Inflammatory pseudotumor (IPT), also called plasma cell granuloma, is a rare, benign, tumorlike lesion composed of proliferating spindle cells admixed with an inflammatory infiltrate and usually affecting the lungs. Other locations can also be affected.
An 18-year-old woman complained of abdominal pain and discomfort. Sonographic evaluation revealed a hyperechogenic mass measuring 32 x 36 mm and located between the right ovary and uterus. CBC showed mild leukocytosis. Laparoscopic resection of the mass revealed histologically an inflammatory pseudotumor.

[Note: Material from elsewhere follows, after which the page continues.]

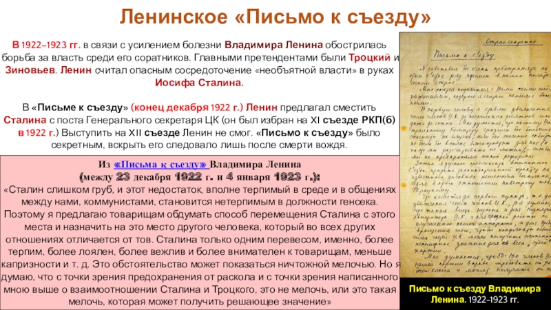 21 января 1924 г. умер Ленин. В мае 1924 г. на XIII съезде РКП(б) предполагалось огласить «Письмо к съезду». «Письмо», представлявшее собой фактическое завещание Ленина, озвучили на заседании ЦК. Произошло голосование членов ЦК по вопросу оставления Сталина на посту генсека.

IPT may occur at any age and affects both sexes equally. The clinical presentation usually includes fever, leukocytosis and weight loss, although many cases are asymptomatic, especially in the pelvis. The lesion usually presents with distinct borders and a firm consistency and is tan to white. The course of IPT is usually benign and self-limited. Surgical resection is the most common therapy, whereas corticosteroids and, in rare cases, chemotherapy are used. Recurrences have been described. Because of the rarity of this condition, it is unusual for the diagnosis to be made preoperatively.
炎性假瘤(IPT),也称为浆细胞性肉芽肿,是一种罕见的良性肿瘤样病变,由增生的梭形细胞与炎性浸润混合组成,通常累及肺部。其他部位也可受累。
一名18岁女性主诉腹痛和不适。超声检查发现一个大小为32×36mm的高回声肿块,位于右卵巢和子宫之间。血常规显示轻度白细胞增多。腹腔镜切除肿块的组织学检查显示为炎性假瘤。
IPT可发生于任何年龄,男女均可受累。临床表现通常包括发热、白细胞增多和体重减轻,尽管许多病例无症状,尤其是在盆腔。病变通常边界清晰,质地硬,呈棕褐色至白色。IPT的病程通常是良性的且自限性。手术切除是最常见的治疗方法,而皮质类固醇以及在罕见情况下使用化疗。已有复发的报道。由于这种疾病罕见,术前诊断并不常见。